The data =>
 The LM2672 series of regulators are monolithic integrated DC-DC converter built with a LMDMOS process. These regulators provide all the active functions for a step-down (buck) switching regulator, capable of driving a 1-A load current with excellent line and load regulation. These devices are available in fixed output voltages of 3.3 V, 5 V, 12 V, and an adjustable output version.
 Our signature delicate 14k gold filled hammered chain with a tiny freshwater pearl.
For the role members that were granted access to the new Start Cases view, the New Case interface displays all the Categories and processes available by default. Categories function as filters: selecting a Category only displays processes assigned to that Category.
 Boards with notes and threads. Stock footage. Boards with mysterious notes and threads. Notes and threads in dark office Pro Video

...

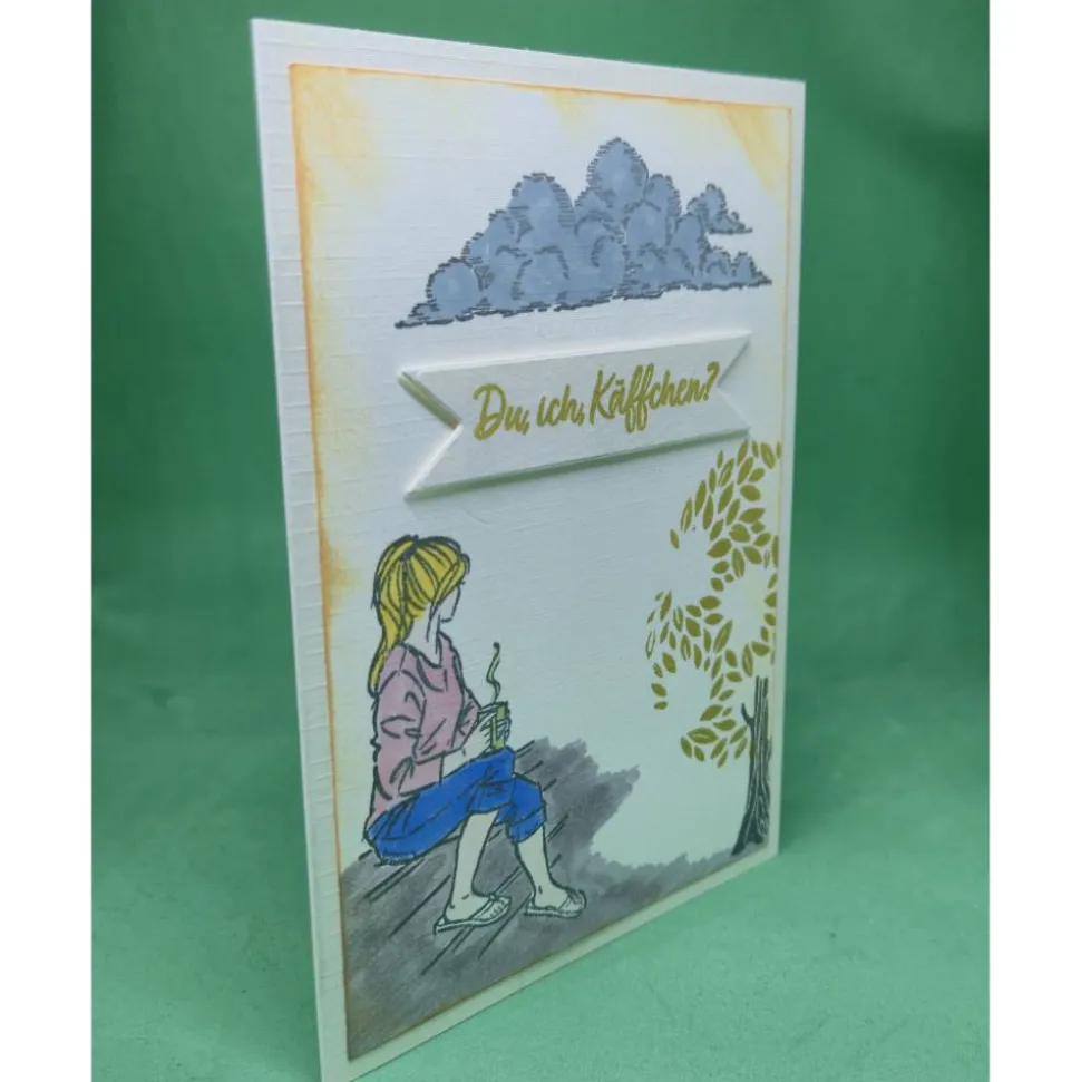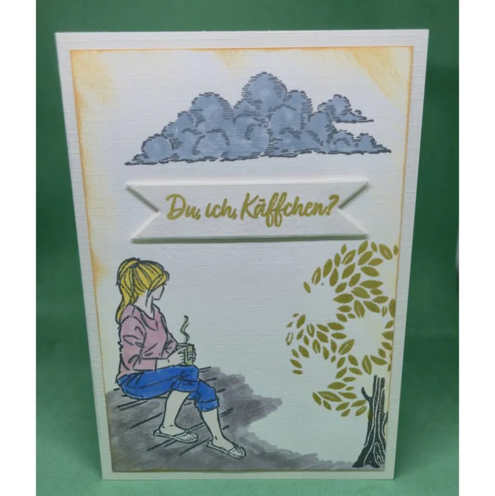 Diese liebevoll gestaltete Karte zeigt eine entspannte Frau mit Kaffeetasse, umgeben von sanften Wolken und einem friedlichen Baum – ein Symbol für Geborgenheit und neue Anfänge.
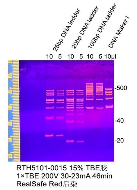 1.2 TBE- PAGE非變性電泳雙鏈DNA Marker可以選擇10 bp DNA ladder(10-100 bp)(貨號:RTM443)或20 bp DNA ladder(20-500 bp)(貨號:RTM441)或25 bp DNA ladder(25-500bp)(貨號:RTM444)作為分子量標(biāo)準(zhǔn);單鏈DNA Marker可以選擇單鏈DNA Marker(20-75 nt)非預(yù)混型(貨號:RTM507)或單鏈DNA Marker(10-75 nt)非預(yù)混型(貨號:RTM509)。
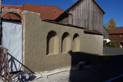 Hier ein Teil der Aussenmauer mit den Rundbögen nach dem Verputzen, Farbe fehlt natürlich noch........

Task to complete => Set down, unchanged, only those lines above that fall between the line with "The LM2672 series" and the line with "Boards with notes", the two end lines included.

Output of the task =>
 The LM2672 series of regulators are monolithic integrated DC-DC converter built with a LMDMOS process. These regulators provide all the active functions for a step-down (buck) switching regulator, capable of driving a 1-A load current with excellent line and load regulation. These devices are available in fixed output voltages of 3.3 V, 5 V, 12 V, and an adjustable output version.
 Our signature delicate 14k gold filled hammered chain with a tiny freshwater pearl.
For the role members that were granted access to the new Start Cases view, the New Case interface displays all the Categories and processes available by default. Categories function as filters: selecting a Category only displays processes assigned to that Category.
 Boards with notes and threads. Stock footage. Boards with mysterious notes and threads. Notes and threads in dark office Pro Video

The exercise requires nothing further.